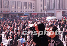 十一月十五日,新一屆中共中央政治局常委通過電視直播與民眾見面,北京火車站廣場的大屏幕前站滿了觀看直播的市民。作者:張宇
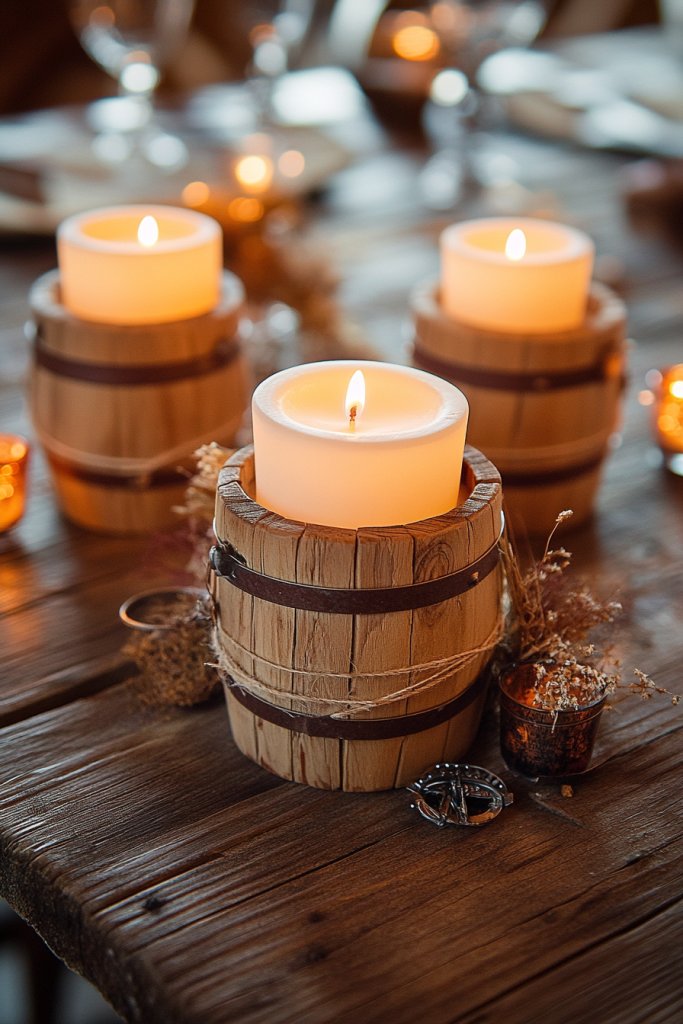 6. Barrel-Style Candle Holders with Rustic Accents
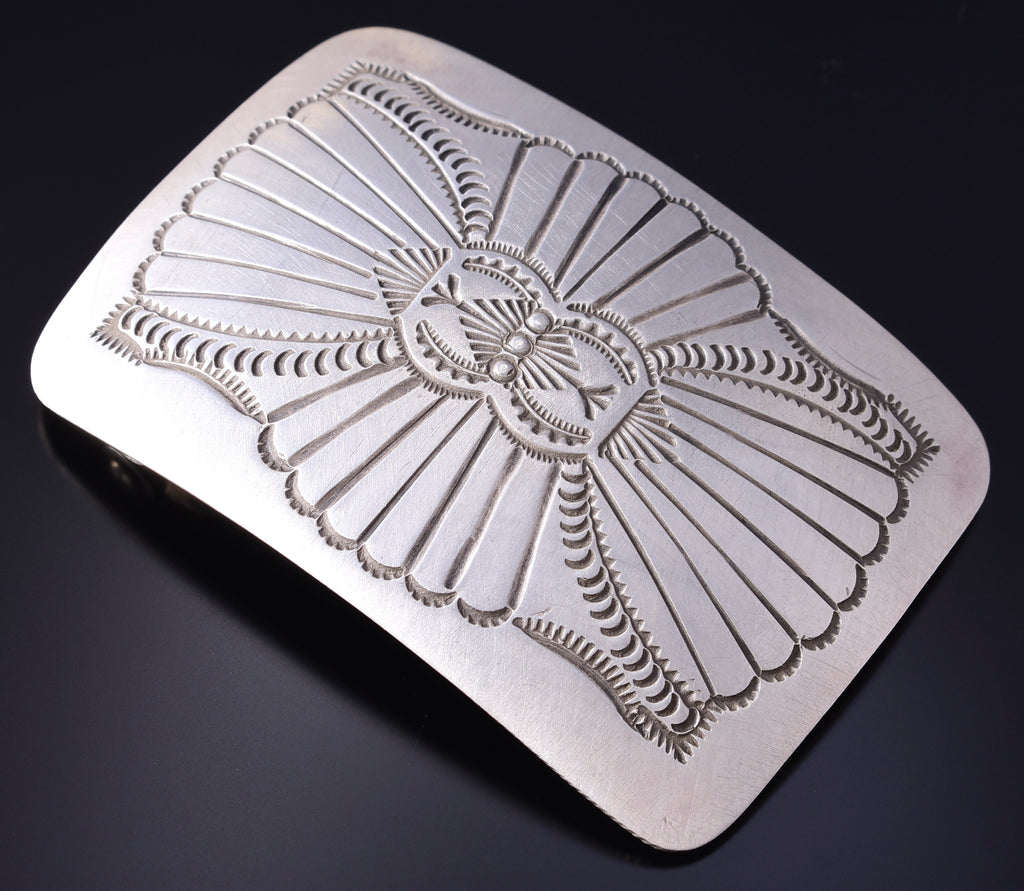 This sterling silver belt buckle by Navajo artist Joan Silver is a classic piece showcasing the beauty of traditional metal stamping. The heavy silver surface is dominated by a central sunburst or feather fan motif.
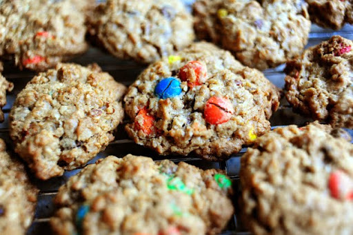 Combine flour, baking soda, baking powder, and kosher salt. Add to mixing bowl and mix till combined. After that, add in remaining ingredients in whatever quantity you prefer. Add more nuts if you’d like, or more M&M’s, more peanut butter chips or chocolate chips.
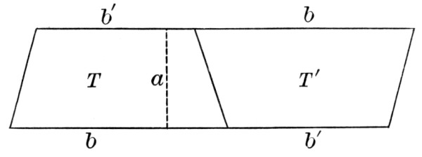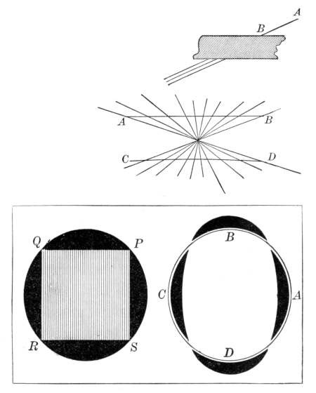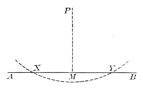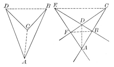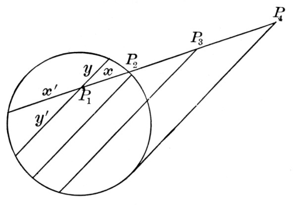Since we can construct √a by means of the straightedge and compasses, it would be possible for us to square the circle if we could express π by a finite number of square roots. Conversely, every geometric construction reduces to the intersection of two straight lines, of a straight line and a circle, or of two circles, and is therefore equivalent to a rational operation or to the extracting of a square root. Hence a geometric construction cannot be effected by the straightedge and compasses unless it is equivalent to a series of rational operations or to the extracting of a finite number of square roots. It was proved by a German professor, Lindemann, in 1882, that π cannot be expressed as an algebraic number, that is, as the root of an equation with rational coefficients, and hence it cannot be found by the above operations, and, furthermore, that the solution of this famous problem is impossible by elementary geometry.[86]
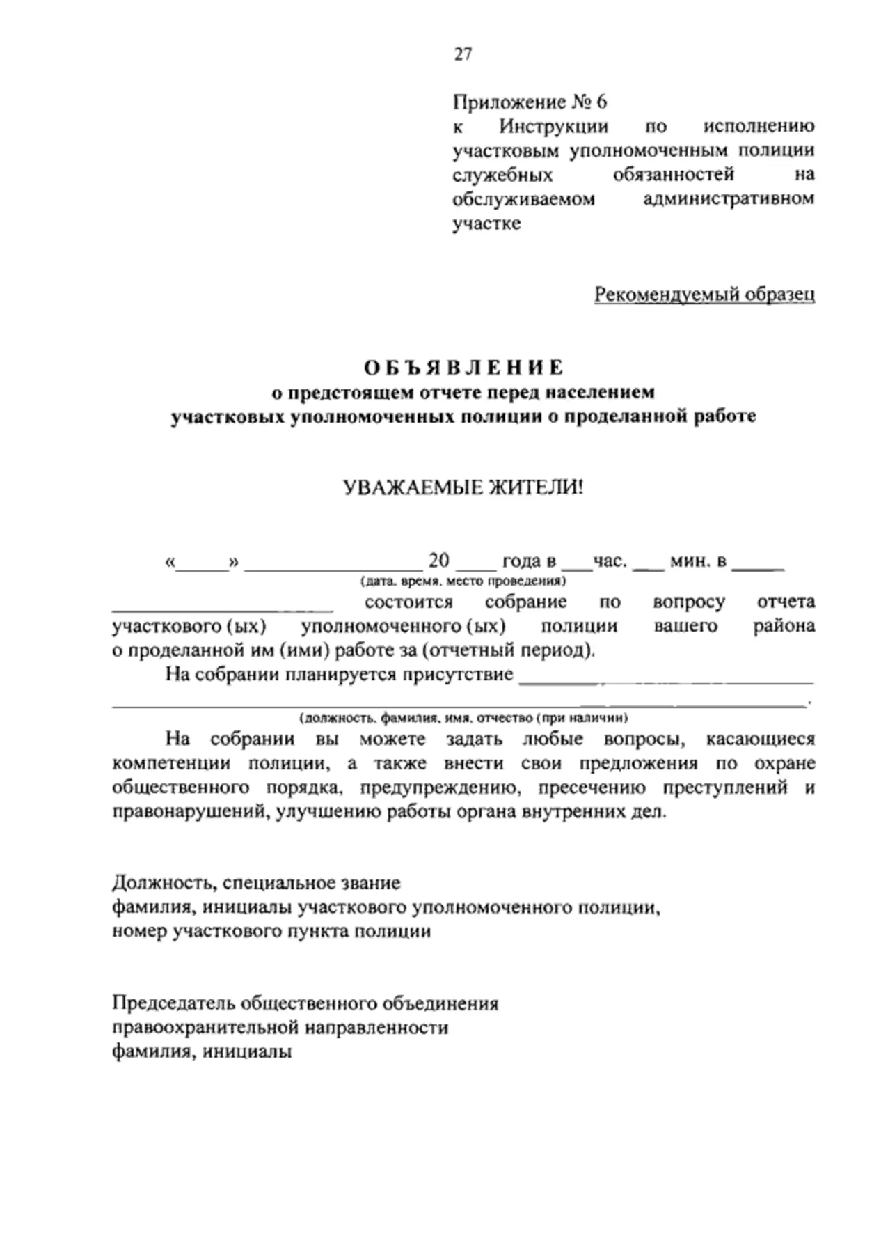 21. Свою деятельность при несении службы участковый уполномоченный полиции осуществляет на обслуживаемой территории либо в служебном помещении, расположенном на административном участке — участковом пункте полиции (приложение № 3 к настоящей Инструкции).

• Problem requirements: The answer should be an exact restatement of every entry, with the pictures omitted.

• Written response:
 十一月十五日,新一屆中共中央政治局常委通過電視直播與民眾見面,北京火車站廣場的大屏幕前站滿了觀看直播的市民。作者:張宇
 6. Barrel-Style Candle Holders with Rustic Accents
 This sterling silver belt buckle by Navajo artist Joan Silver is a classic piece showcasing the beauty of traditional metal stamping. The heavy silver surface is dominated by a central sunburst or feather fan motif.
 Combine flour, baking soda, baking powder, and kosher salt. Add to mixing bowl and mix till combined. After that, add in remaining ingredients in whatever quantity you prefer. Add more nuts if you’d like, or more M&M’s, more peanut butter chips or chocolate chips.
Since we can construct √a by means of the straightedge and compasses, it would be possible for us to square the circle if we could express π by a finite number of square roots. Conversely, every geometric construction reduces to the intersection of two straight lines, of a straight line and a circle, or of two circles, and is therefore equivalent to a rational operation or to the extracting of a square root. Hence a geometric construction cannot be effected by the straightedge and compasses unless it is equivalent to a series of rational operations or to the extracting of a finite number of square roots. It was proved by a German professor, Lindemann, in 1882, that π cannot be expressed as an algebraic number, that is, as the root of an equation with rational coefficients, and hence it cannot be found by the above operations, and, furthermore, that the solution of this famous problem is impossible by elementary geometry.[86]
 21. Свою деятельность при несении службы участковый уполномоченный полиции осуществляет на обслуживаемой территории либо в служебном помещении, расположенном на административном участке — участковом пункте полиции (приложение № 3 к настоящей Инструкции).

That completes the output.